So we'll run this now. Again, there's nothing very interesting here about how I did it, I just used some of these Pylab dot hist, which gives me a histogram, Pylab dot scatter, which gives me a scatter plot. I'll take 500 steps, 400 trials. I've done some more trials here, so we get some smoother lines, better distributions. And then I'm going to look at the usual drunk and ew drunk only, just to save some time. At least I think I am. My computer runs faster when it's plugged in. All right, but we have our figures here, let's look at them. So here's figure one, the usual drunk. Well, all right, as we've seen this 1000 times, or at least six. So doing what it usually does, not quite 20. This is kind of interesting. This is the final locations of the 400 trials of the usual drunk.

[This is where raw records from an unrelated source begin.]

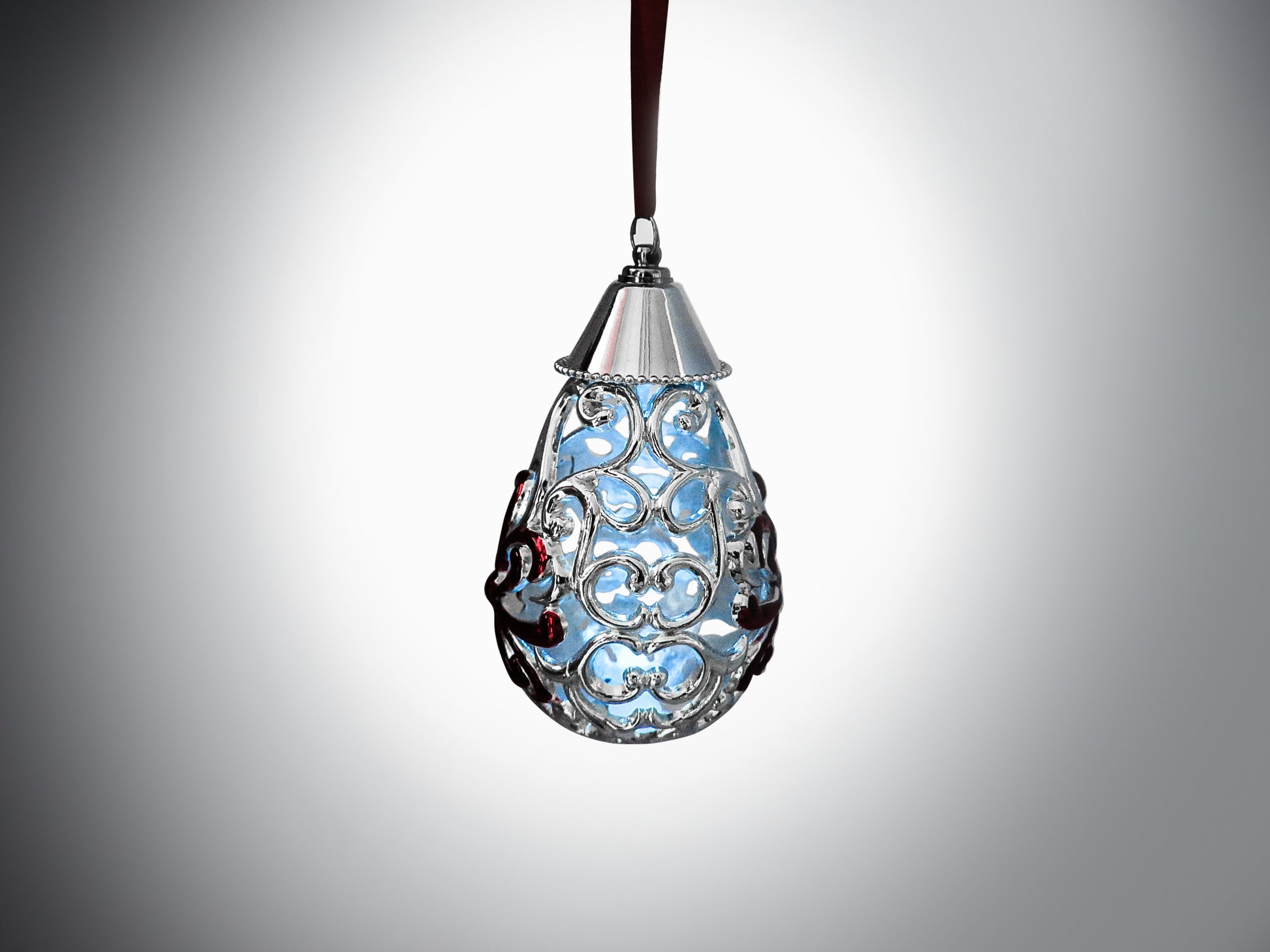 Discover the artistry of this limited edition tree ornament, where expert craftsmanship meets contemporary design. The lustrous chrome finish creates a sophisticated focal point for your holiday display, while integrated lighting cycles through captivating color transitions that dance within the ornament's interior. Each handcrafted piece stands as a singular creation, delivering the refined elegance and distinctive character that distinguishes a curated collection. Perfect for those who appreciate quality and exclusivity in their seasonal décor.
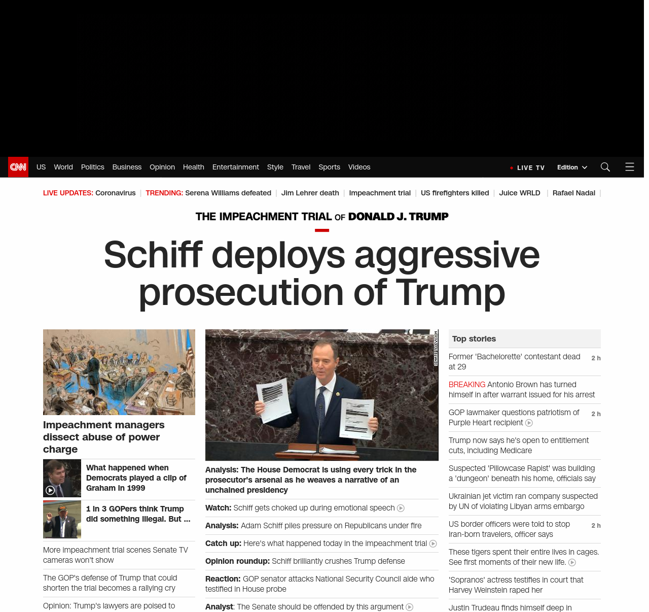 ” , title: “CNN – Breaking News, Latest News and Videos” , siblings: {“articleList”:[{“uri”:”/2020/01/23/politics/senate-impeachment-trial-day-3/index.html”,”headline”:”u003cstrong>Impeachment managers dissect abuse of power chargeu003c/strong>”,”thumbnail”:”//cdn.cnn.com/cnnnext/dam/assets/200122180445-01-day-2-impeachement-trial-sketches-schiff-165311-small-11.jpg”,”duration”:””,”description”:”Democratic u003ca href=”https://www.cnn.com/2020/01/15/politics/what-is-an-impeachment-manager-explainer/index.html” target=”_blank”>impeachment managers u003c/a>on Thursday made their constitutional case for removing President Donald Trump from office for abuse of power, seeking to convince skeptical — and often weary — Republican senators that the Senate trial u003ca href=”https://www.cnn.com/2020/01/19/politics/schumer-trump-impeachment-trial/index.html” target=”_blank”>needs witnesses and documentsu003c/a>.”,”layout”:””
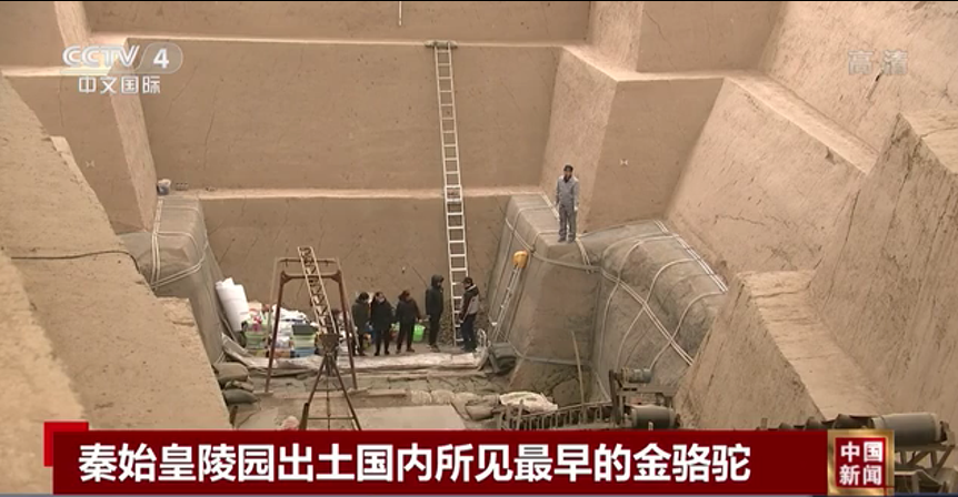 近日,秦始皇帝陵博物院公布最新考古成果:考古人員在秦陵在秦陵外城西側(cè)的陵區(qū),對一座編號為一號墓葬(QLCM1)的“中字形”墓葬進(jìn)行了發(fā)掘,取得重要收獲。該墓為目前發(fā)現(xiàn)秦代規(guī)模最大、等級最高、保存最完好的大型墓葬,填補(bǔ)了秦代高等級墓葬的空白。出土了目前國內(nèi)所見最早的單體金駱駝。
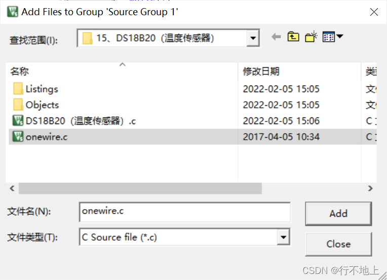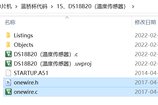 ①将onewire.h和onewire.c(注意工程添加.c文件)拷贝到自己所建文件夹

So we see some information here, that we really couldn't get from the averages. That there are more of these points near the middle, but there are certainly plenty scattered around. And we get to see that, they're pretty much symmetric around where we started. This is what we would have hoped, right? If we had looked at it, and we had seen all the points up here, or most of them up here, we would have said, wait a minute, there's something wrong with my code. This was supposed to not be a biased walk, but an unbiased walk. And if I'd seen a bias in this population, I should have gotten nervous that I had some problems with my implementation. My simulation. So in addition to helping me understand results, this gives me some confidence that I really am doing an unbiased walk, right? Some over here, some over here. Not exactly the same, but close enough that I feel pretty comfortable.

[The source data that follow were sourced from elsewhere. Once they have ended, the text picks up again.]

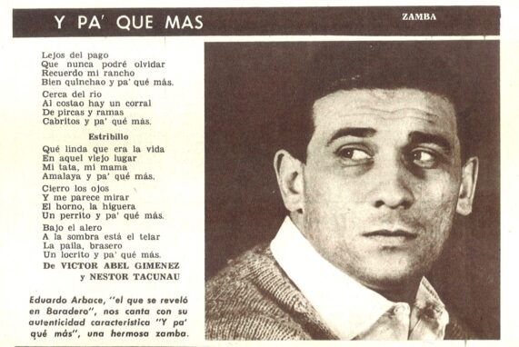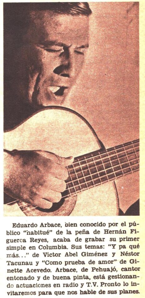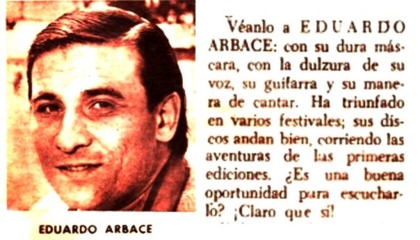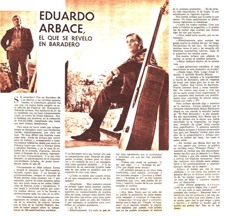 Eduardo Arbace luego de integrar el Conjunto “Los Marrupeños” comenzó su carrera como solista y encontró el éxito en el Festival de Tango y Folklore de Baradero en la edición del año 1968 donde fue revelación del certamen de nuevos valores. Así podíamos leer en Revista Nº 159 (4 de abril de 1968)
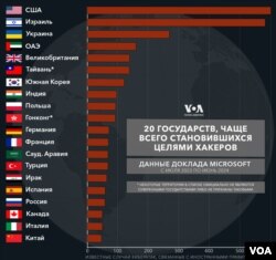 США, Израиль и Украина значительно опережают своих соседей по числу киберугроз, зафиксированных Microsoft. Например, количество подобных угроз в США более чем в 12 раз превышает число зафиксированных кибератак против Канады, занимающей в рейтинге американских стран второе место.
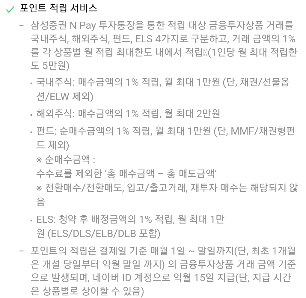 무한대로 적립해주면 좋겠지만, 매달 국내주식 100만원,펀드 100만원,해외주식 200만원, ELS 100만원 투자시 5만원을 네이버 페이 포인트로 지급받는 것이 받을 수 있는 최대 혜택이다. 필자의 경우에는 어차피 삼성증권에서 ELS를 가입하려고 했었기 때문에 Npay통장은 나쁘지 않은 선택이었다.
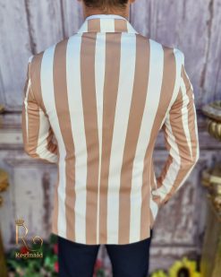Sacou de bărbați in dungi crem/albe, croiala Slim-Fit – SC616
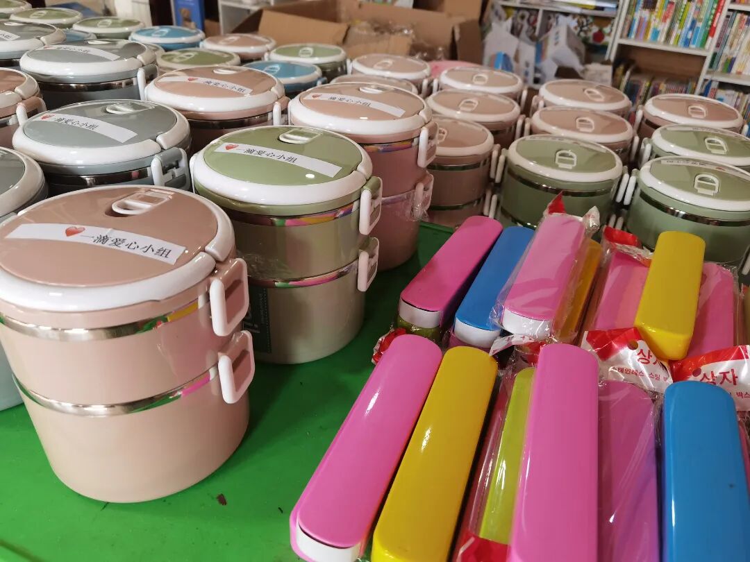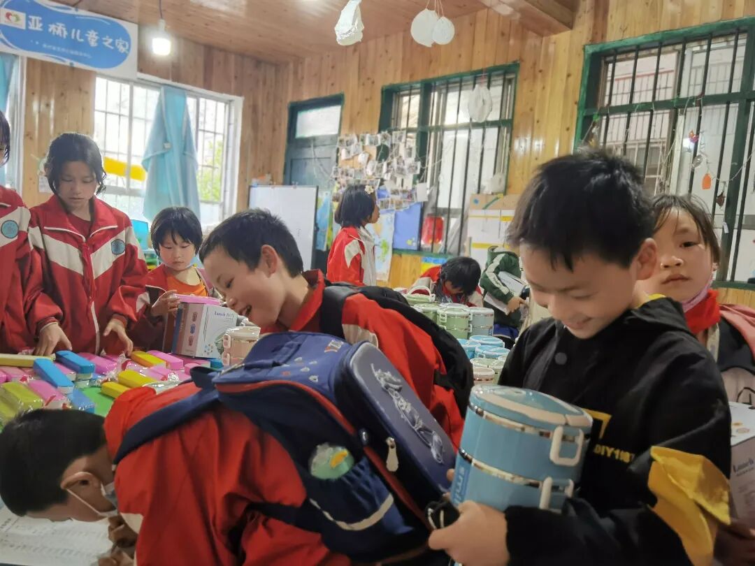 了解到小朋友们可以自己带饭去学校,团队成员立即行动为小朋友们购买保温饭盒,冒着大雨送来儿童之家。而这一切,都是希望小朋友们能够开心无忧地长大,感谢一滴爱心小组一如既往地守护。
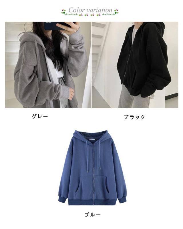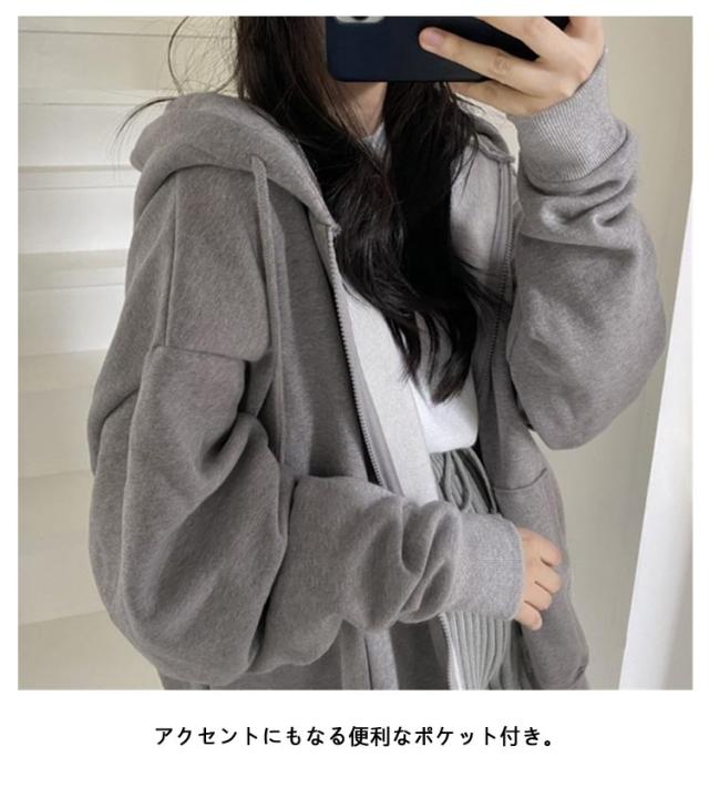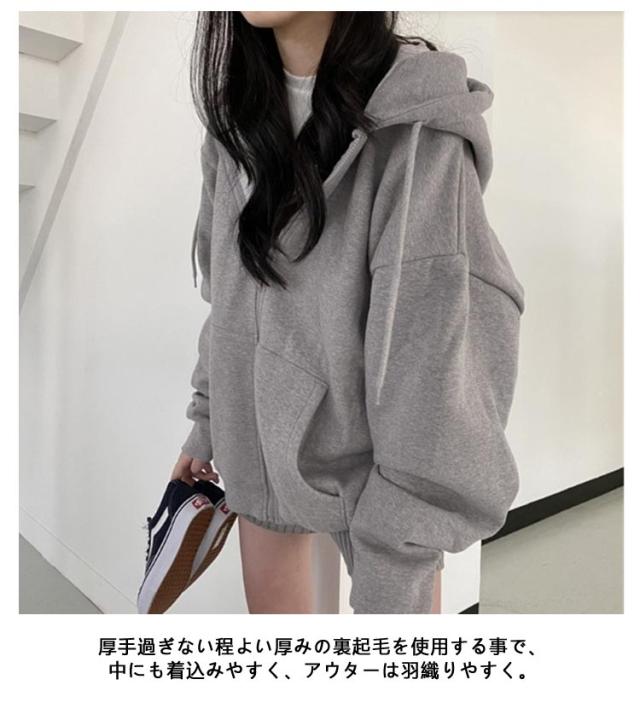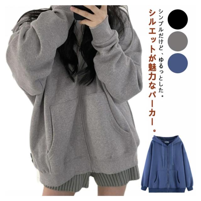 ジップアップパーカー 大きいサイズ パーカー レディース 長袖 カジュアル ジップアップパーカー 保温 防寒 無地 トップス ビッグシルエット フード付き アウター スウェット 羽織

And if I look at the distribution, which probably I could've if I worked really hard, gotten from the scatter plot, but I really didn't want to, we'll see that most of the drunks actually do end up pretty close to the origin. But that there are a few that are pretty far away. And again, it's close to symmetric around zero. Which gives me a good feeling that things are working the way they should. This, by the way, is what's called a normal distribution. Because once upon a time, people believed this was the way things usually happened. This is called either normal or Gaussian. The mathematician Gauss was one of the first people to write about this distribution. We'll come back to this later, and among other things, we'll try and see whether normal is really normal. But you see it a lot of times. And basically what it says is that most of the values hang out around the average, the middle. And there are a few outliers, and as we get further and further out, fewer and fewer points occur. So you'll see these kind of curves, of distributions, occurring a lot. Again, we'll come back to distributions in a week, or actually in a lecture or two. See a little bit more today, and then more later on.

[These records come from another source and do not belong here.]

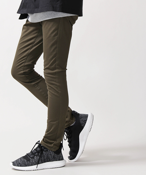 【FINE BOYS 10月号掲載商品】 生地にストレッチ素材を使用した柔らかな穿き心地のスキニーパンツ。裾に向けてゆるやかにシェイプをかける事により、脚のラインにフィットするテーパードシルエットが魅力。 程よく光沢のある生地感が、スタイリッシュな雰囲気を着こなしにプラスします。O脚状になったフォルムが穿いて頂いた際、腰から下のレッグラインを綺麗に見せてくれ、プレーンなパンツとは一線を隔した仕上がり。 幅広い着こなしに対応してくれる、スタンダードな4色展開でご用意しました。定番のデザインながら、細部や加工にこだわり、年をまたいで長くご愛用頂けるひと品です。 <サークルストレッチとは??> ■ベーシックなパンツ素材に⾒えながら、縦横斜め360°(サークル状)によく伸びよく戻る新開発素材 ■通常のストレッチ素材が20〜30%の伸張率であるのに対し、サークルストレッチは約80%、回復率は通常70〜80%に対し約90%を誇ります。 ■その理由は、カットソーと同じ丸編みで作っているため。従来のカットソー素材は屈伸の多い膝関節部分が伸びてしまう"抜け"の問題がありましたが糸番⼿や編みの設計を工夫し、高密度に編み上げることでそういった課題を克服しました。 ■従来のカットソー素材のパンツではあり得なかった、織物のようなハリとコシを実現しているためベーシックなパンツとしてご愛⽤頂けます。 ■ただ⾒た目はベーシックでありながら、丸編みならではの包み込むようなフィット感・着⽤した際の圧倒的な軽さを実現しています。
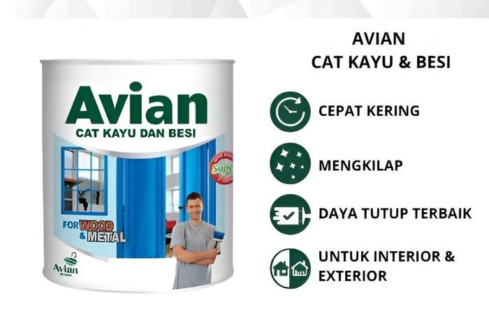 Tampilkan hasil maksimal pada setiap proyek Anda dengan Avian Synt Cat Kayu dan Besi. Cat berbahan alkyd premium ini memberikan hasil akhir mengkilap sempurna dengan daya tutup luar biasa. Dirancang khusus untuk melindungi permukaan kayu, besi, aluminium, dan besi galvanis dari cuaca ekstrem, karat, jamur, serta rayap. Sangat ideal untuk aplikasi pada pintu, jendela, kusen, dan rolling door, baik untuk interior maupun eksterior.
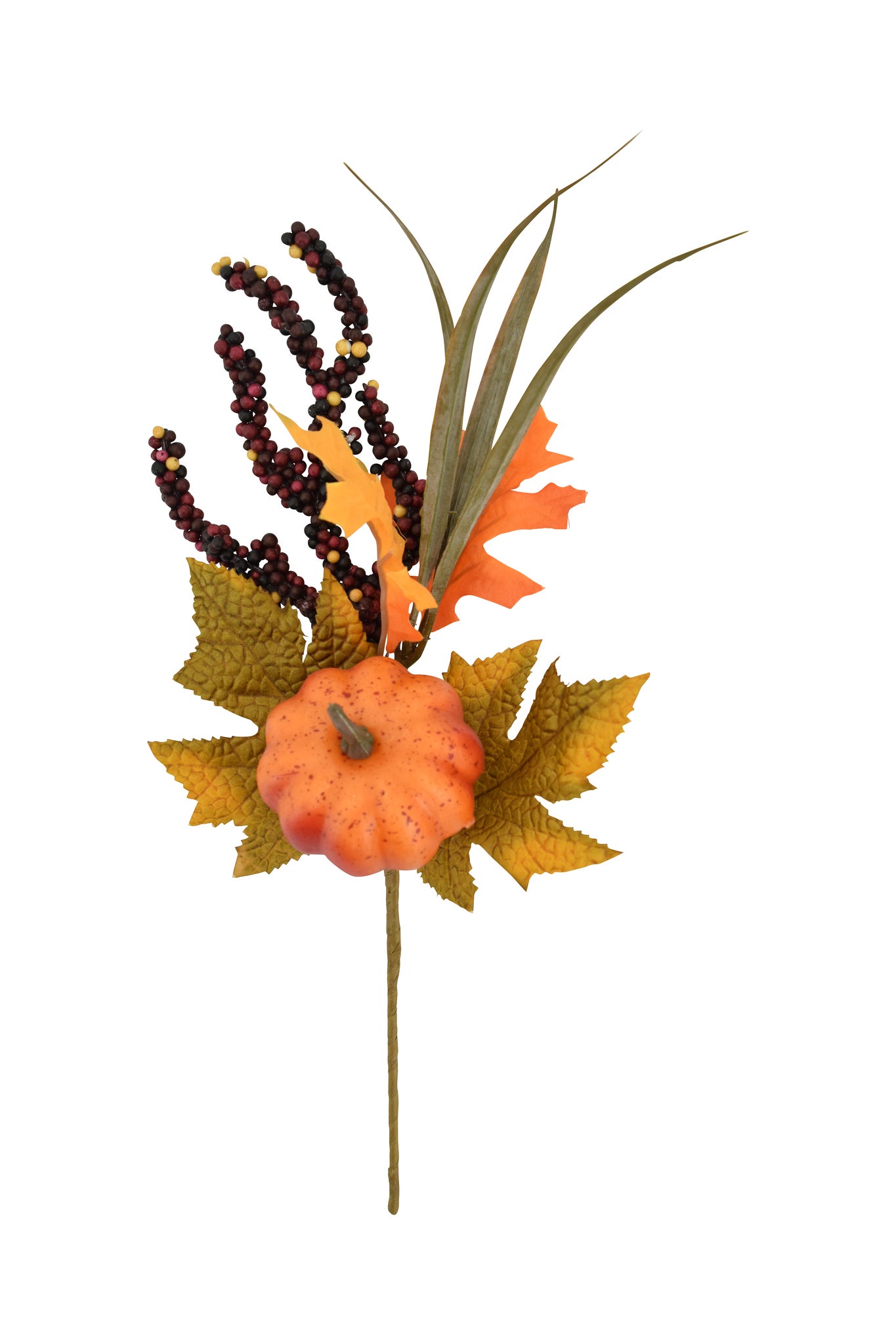 This 13-inch fall pick blends rustic charm with vibrant seasonal color, featuring an orange pumpkin, clusters of dark and golden berries, autumn maple leaves, and slender grass accents. Perfect for adding height and texture to floral arrangements, wreaths, or table centerpieces, it brings a warm harvest touch to any display. Its natural mix of shapes and tones makes it an ideal filler for both farmhouse and contemporary fall decor.

All right, here's our east west drunk, again as before, drifting off to around 18. Well, look at these dots. Well, this makes me feel, that at least I know that the drunk is only moving east and west. And again you'll see, pretty dense in the middle and a few outliers. Managed to get a little further east than west, but that happens. East is always more attractive. What we might have guessed. And if we look at the distribution, again we can look at it, and I'm just giving you the east west values here, and again it's about the same. So, what do I want you to take away from these graphs? Different plots show you different things. So I'm not going to try and claim that of these three different plots we did, one is the right one to do. What I'm going to assert is that you want to do all of them. Try and visualize the data in multiple ways. And sometimes it's much easier to, even if different plots contain exactly the same information, and in some sense of the scatter plot and the histogram do contain exactly the same information. In fact, there's more information in the scatter plot, in some sense, because I see each one individually. But it's, for me, a lot harder to see. If I'd ask you from the scatter plot, are they normally distributed? You might have had a hard time answering it. Particularly for the usual drunk, where you just saw a lot of points. So the idea of some summarizing it in the histogram makes it much easier to make sense of the data, and see what you're doing, and to try and learn the lesson you're trying to learn. OK, this makes sense to people?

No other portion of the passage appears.